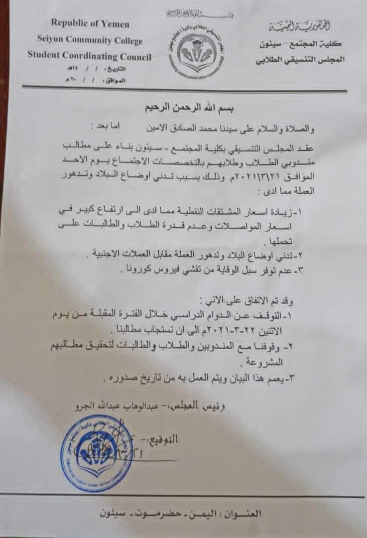 أعلن المجلس التنسيقي الطلابي بكلية المجتمع في مدينة سيئون بوادي حضرموت، الأحد، التوقف عن الدراسة ابتداءً من اليوم الاثنين، تضماناً مع المطالب التي رفعها طلاب الكلية إلى جانب قطاعات واسعة من العمال والموظفين، والمتمثلة بتخفيض سعر المشتقات النفطية، الذي تسببت بزيادة أجرة المواصلات، وإيقاف تدهور الأوضاع المعيشية.
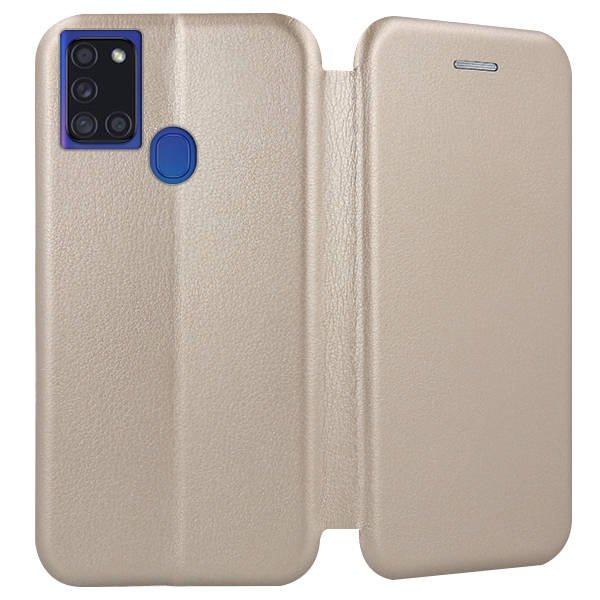 Gold-colored flip case for Samsung Galaxy A217 A21s models, which provides premium protection and elegance.
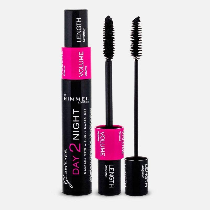 Get the best of both worlds with Rimmel Day 2 Night Waterproof Mascara—a 2-in-1 formula that lets you switch between length and volume with a simple twist.
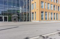A view of a modern office building in Barcelona's business district. The high-rise structure has a sleek facade and is surrounded by the vibrant city life. The road surface and asphalt create a dynamic urban design.
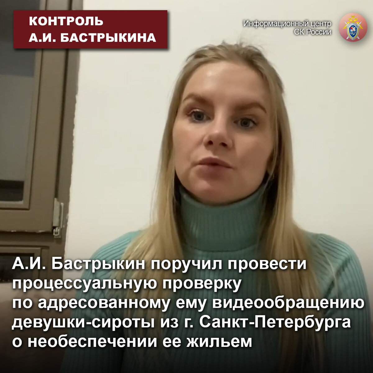Председатель Следственного комитета Российской Федерации Александр Иванович Бастрыкин поручил и.о. руководителя ГСУ СК России по городу Санкт-Петербургу Олегу Валерьевичу Бобкову провести процессуальную проверку с учетом всех доводов обращения и представить подробный доклад о ее ходе и результатах, а также принимаемых мерах к восстановлению прав девушки-сироты.
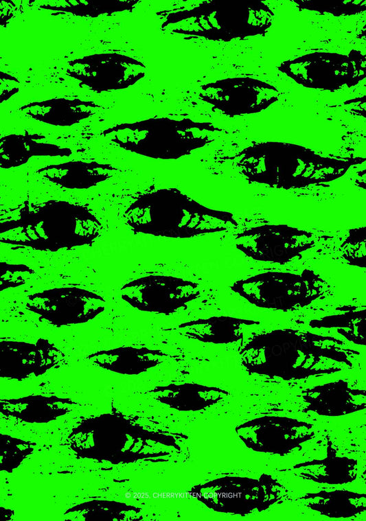 Eyes On Bright Green Y2K Mesh Long Sleeve Crop Top Cherrykitten
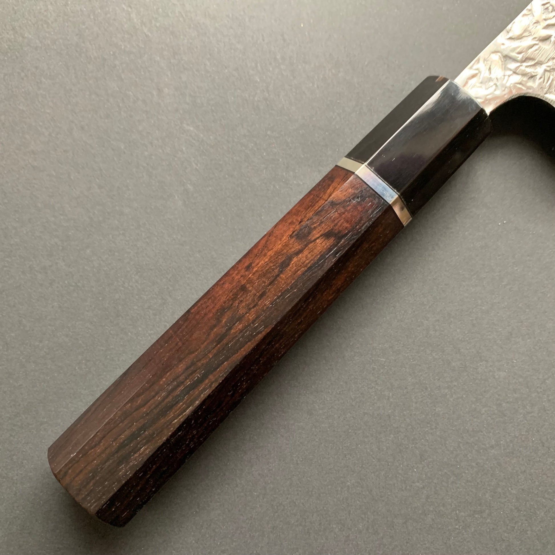 FINISH: Tsuchime. This is a hand hammered finish that is not only beautiful but also functional. The small depressions stop food sticking to the knife. This finishes comes in many different forms from the traditional round hammer marks to more modern patterns.
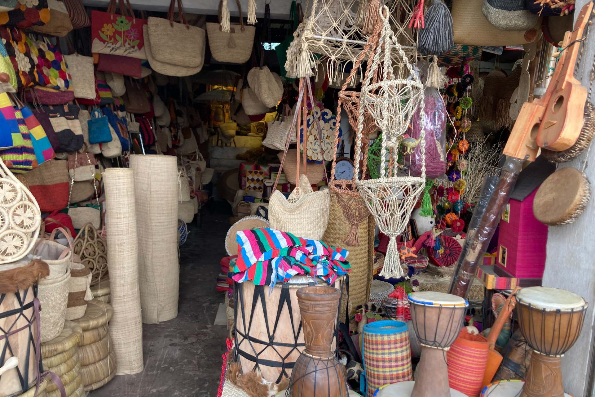 かご編みのバックや、虫が入った石など個性的なものも多くお土産を買うのに最適です!
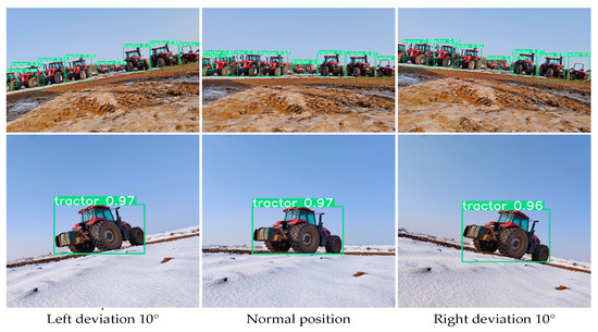 When ploughing with a tractor, the camera used for obstacle detection is often tilted, typically about 10 degrees to the left or right. This model has been improved to address the detection effect when tilted. We designed a control experiment to demonstrate that the model performs similarly well under tilted viewing angles compared to normal viewing angles. The detection results under the main camera view angle are shown in Figure 11, and it can be seen from the comparison graph that the detection performance at the tilted angle is comparable to that at the normal angle. This test result proves that even when the tractor is tilted, the model can maintain sufficient detection accuracy.
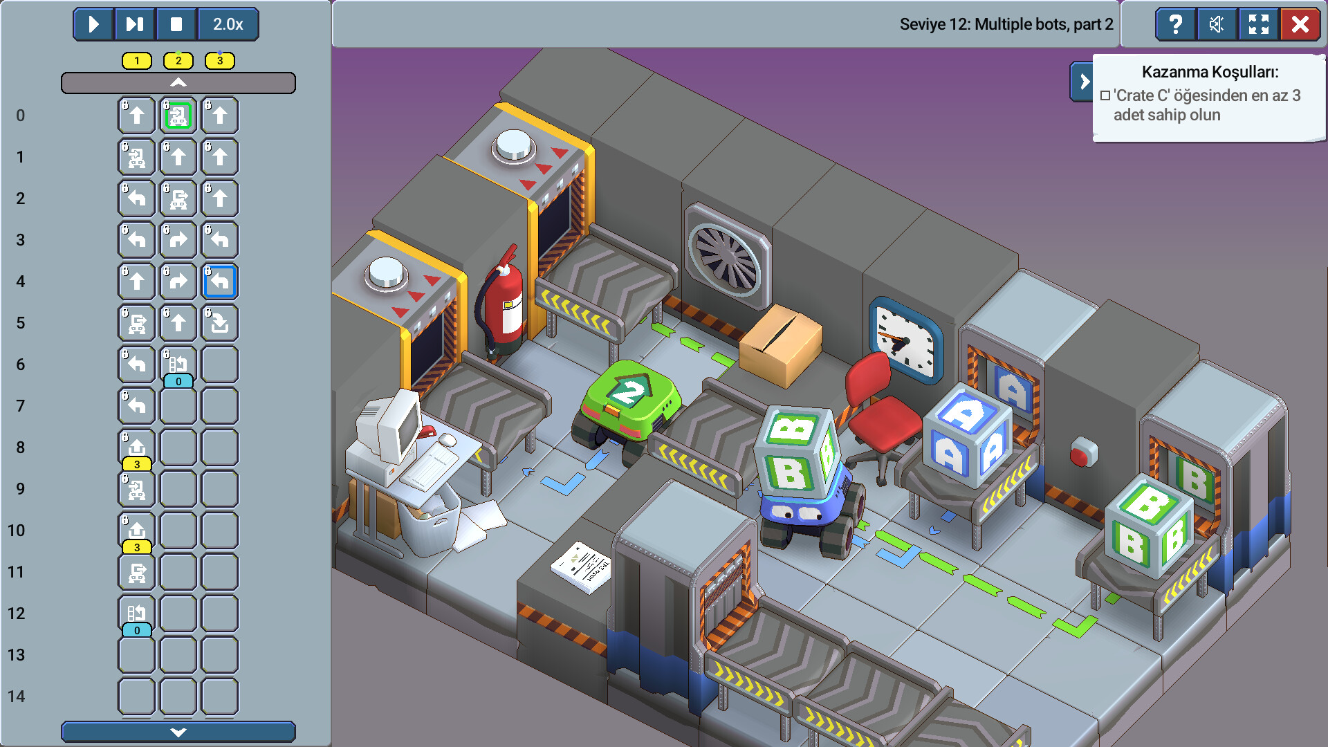8-bitBot, botlarının fabrika ortamında nesneleri taşımasını sağlamak için programa basit komutlar yerleştirdiğin bir programlama bulmaca oyunudur.
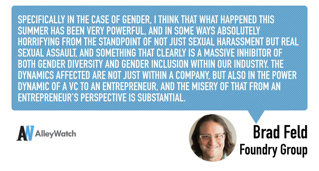 Specifically in the case of gender, I think that what happened this summer has been very powerful, and in some ways absolutely horrifying from the standpoint of not just sexual harassment but real sexual assault, and something that clearly is a massive inhibitor of both gender diversity and gender inclusion within our industry. The dynamics affected are not just within a company, but also in the power dynamic of a VC to an entrepreneur, and the misery of that from an entrepreneur’s perspective is substantial.
---+---
EXERCISE DIRECTIONS
Please give back exactly the lines from the first line of the records above through the line containing "Eyes On Bright", only those and both included, with the pictures removed.

TASK OUTPUT
 أعلن المجلس التنسيقي الطلابي بكلية المجتمع في مدينة سيئون بوادي حضرموت، الأحد، التوقف عن الدراسة ابتداءً من اليوم الاثنين، تضماناً مع المطالب التي رفعها طلاب الكلية إلى جانب قطاعات واسعة من العمال والموظفين، والمتمثلة بتخفيض سعر المشتقات النفطية، الذي تسببت بزيادة أجرة المواصلات، وإيقاف تدهور الأوضاع المعيشية.
 Gold-colored flip case for Samsung Galaxy A217 A21s models, which provides premium protection and elegance.
 Get the best of both worlds with Rimmel Day 2 Night Waterproof Mascara—a 2-in-1 formula that lets you switch between length and volume with a simple twist.
A view of a modern office building in Barcelona's business district. The high-rise structure has a sleek facade and is surrounded by the vibrant city life. The road surface and asphalt create a dynamic urban design.
Председатель Следственного комитета Российской Федерации Александр Иванович Бастрыкин поручил и.о. руководителя ГСУ СК России по городу Санкт-Петербургу Олегу Валерьевичу Бобкову провести процессуальную проверку с учетом всех доводов обращения и представить подробный доклад о ее ходе и результатах, а также принимаемых мерах к восстановлению прав девушки-сироты.
 Eyes On Bright Green Y2K Mesh Long Sleeve Crop Top Cherrykitten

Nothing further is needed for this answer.